For other kinds of data, there are preferable small and large sample intervals and tests.

  • For binomial data, there’s lots of ways to compare two groups.
    • Relative risk, risk difference, odds ratio.
    • Chi-squared tests, normal approximations, exact tests.
  • For count data, there’s also Chi-squared tests and exact tests.
  • We’ll leave the discussions for comparing groups of data for binary and count data until covering glms in the regression class.
  • In addition, Mathematical Biostatistics Boot Camp 2 covers many special cases relevant to biostatistics.

Exercises

  1. For iid Gaussian data, the statistic \frac{\bar X - \mu}{s / \sqrt{n}} must follow a:
    • Z distribution
    • t distribution
  2. Paired differences T confidence intervals are useful when:
    • Pairs of observations are linked, such as when there is subject level matching or in a study with baseline and follow up measurements on all participants.
    • When there was randomization of a treatment between two independent groups.
  3. The assumption that the variances are equal for the independent group T interval means that:
    • The sample variances have to be nearly identical.
    • The population variances are identical, but the sample variances may be different.
  4. Load the data set mtcars in the datasets R package.

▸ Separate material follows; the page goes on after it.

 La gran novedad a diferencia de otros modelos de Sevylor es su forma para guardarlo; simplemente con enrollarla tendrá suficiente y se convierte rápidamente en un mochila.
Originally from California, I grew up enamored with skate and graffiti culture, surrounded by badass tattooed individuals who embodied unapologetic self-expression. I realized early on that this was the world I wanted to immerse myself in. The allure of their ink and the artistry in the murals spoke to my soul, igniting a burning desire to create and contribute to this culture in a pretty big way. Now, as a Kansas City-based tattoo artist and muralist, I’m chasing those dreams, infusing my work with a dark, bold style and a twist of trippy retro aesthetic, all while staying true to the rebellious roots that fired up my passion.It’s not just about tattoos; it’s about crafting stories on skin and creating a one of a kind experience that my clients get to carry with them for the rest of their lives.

Calculate a 95% confidence interval to the nearest MPG for the variable mpg. Watch a video solution and see written solutions.

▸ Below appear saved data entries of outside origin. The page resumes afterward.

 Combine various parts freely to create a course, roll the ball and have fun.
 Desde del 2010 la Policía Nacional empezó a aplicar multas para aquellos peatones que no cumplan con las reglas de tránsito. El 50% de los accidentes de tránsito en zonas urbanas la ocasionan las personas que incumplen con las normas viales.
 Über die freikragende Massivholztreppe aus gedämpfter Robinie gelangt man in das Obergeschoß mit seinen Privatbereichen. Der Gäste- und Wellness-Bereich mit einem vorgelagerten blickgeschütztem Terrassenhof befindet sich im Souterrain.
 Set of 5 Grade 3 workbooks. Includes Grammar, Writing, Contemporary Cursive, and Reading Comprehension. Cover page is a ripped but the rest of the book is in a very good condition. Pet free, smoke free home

  5. Suppose that standard deviation of 9 paired differences is $1$. What value would the average difference have to be so that the lower endpoint of a 95% students t confidence interval touches zero? Watch a video solution here and see the text here.

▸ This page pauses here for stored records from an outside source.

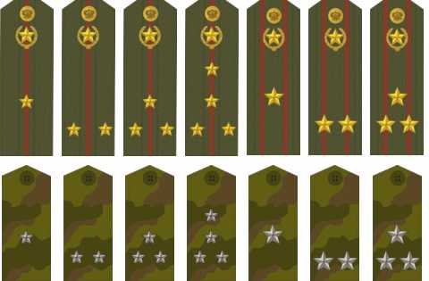 Далее приведем средний и старший начальствующие составы. Все также, как и на картинке выше — звания расположены слева-направо, верхний ряд это погоны, которые носят повседневно, а нижний только в полевых условиях:
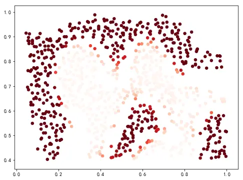 ax.scatter(data2['x1'], data2['x2'], s=30, c=predict_prob, cmap='Reds')
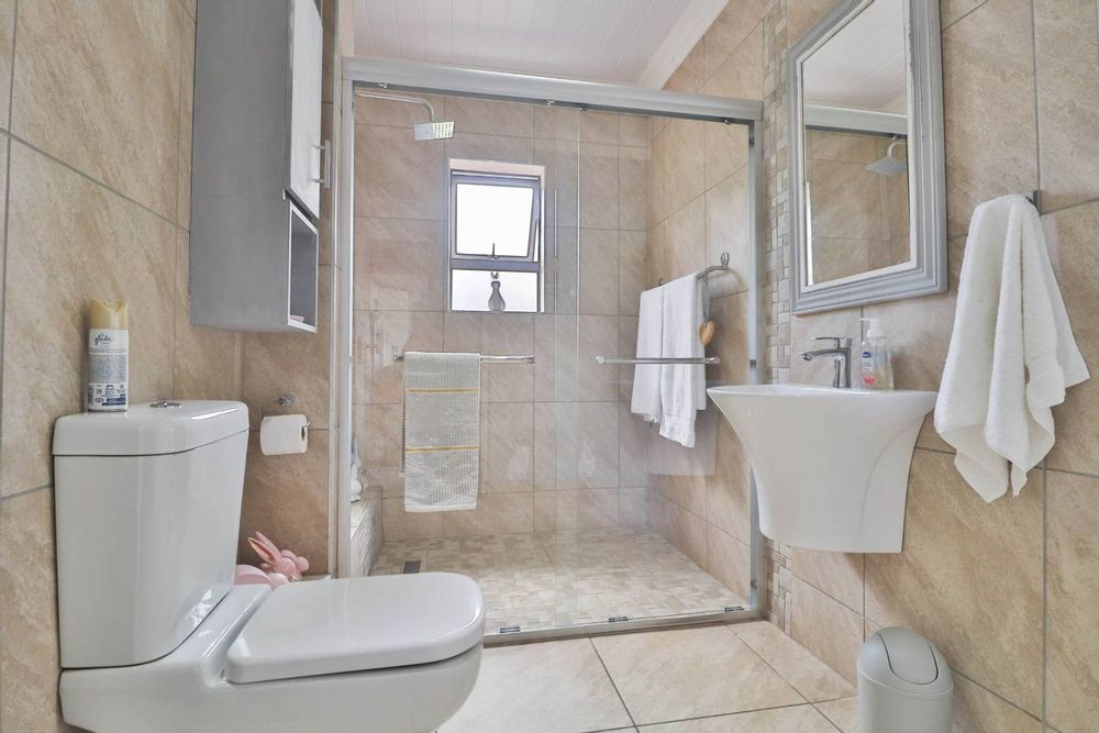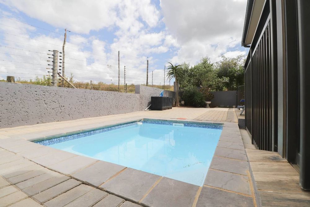 The property upstairs includes three bedrooms and three bathrooms, two of which are en-suite. Each bedroom offers comfort and privacy, ensuring that everyone has their own personal space. The backyard borders the fence of Ounteniquasbosch wild life village, providing a peaceful and picturesque backdrop.

  6. An independent group Student’s T interval is used instead of a paired T interval when:
    • The observations are paired between the groups.
    • The observations between the groups are naturally assumed to be statistically independent.
    • As long as you do it correctly, either is fine.
    • More details are needed to answer this question. watch a discussion of this problem and see the text.
  7. Consider the mtcars dataset. Construct a 95% T interval for MPG comparing 4 to 6 cylinder cars (subtracting in the order of 4 - 6) assume a constant variance. Watch a video solution and see the text. 10.
  8. If someone put a gun to your head and said “Your confidence interval must contain what it’s estimating or I’ll pull the trigger”, what would be the smart thing to do?
  9. Refer back to comparing MPG for 4 versus 6 cylinders (question 7). What do you conclude?
    • The interval is above zero, suggesting 6 is better than 4 in the terms of MPG.
    • The interval is above zero, suggesting 4 is better than 6 in the terms of MPG.
    • The interval does not tell you anything about the hypothesis test; you have to do the test.
    • The interval contains 0 suggesting no difference. Watch a video solution and see the text.
  10. Suppose that 18 obese subjects were randomized, 9 each, to a new diet pill and a placebo. Subjects’ body mass indices (BMIs) were measured at a baseline and again after having received the treatment or placebo for four weeks. The average difference from follow-up to the baseline (followup - baseline) was 3 kg/m2 for the treated group and 1 kg/m2 for the placebo group. The corresponding standard deviations of the differences was 1.5 kg/m2 for the treatment group and 1.8 kg/m2 for the placebo group. The study aims to answer whether the change in BMI over the four week period appear to differ between the treated and placebo groups. What is the pooled variance estimate? Watch a video solution here and see the text here.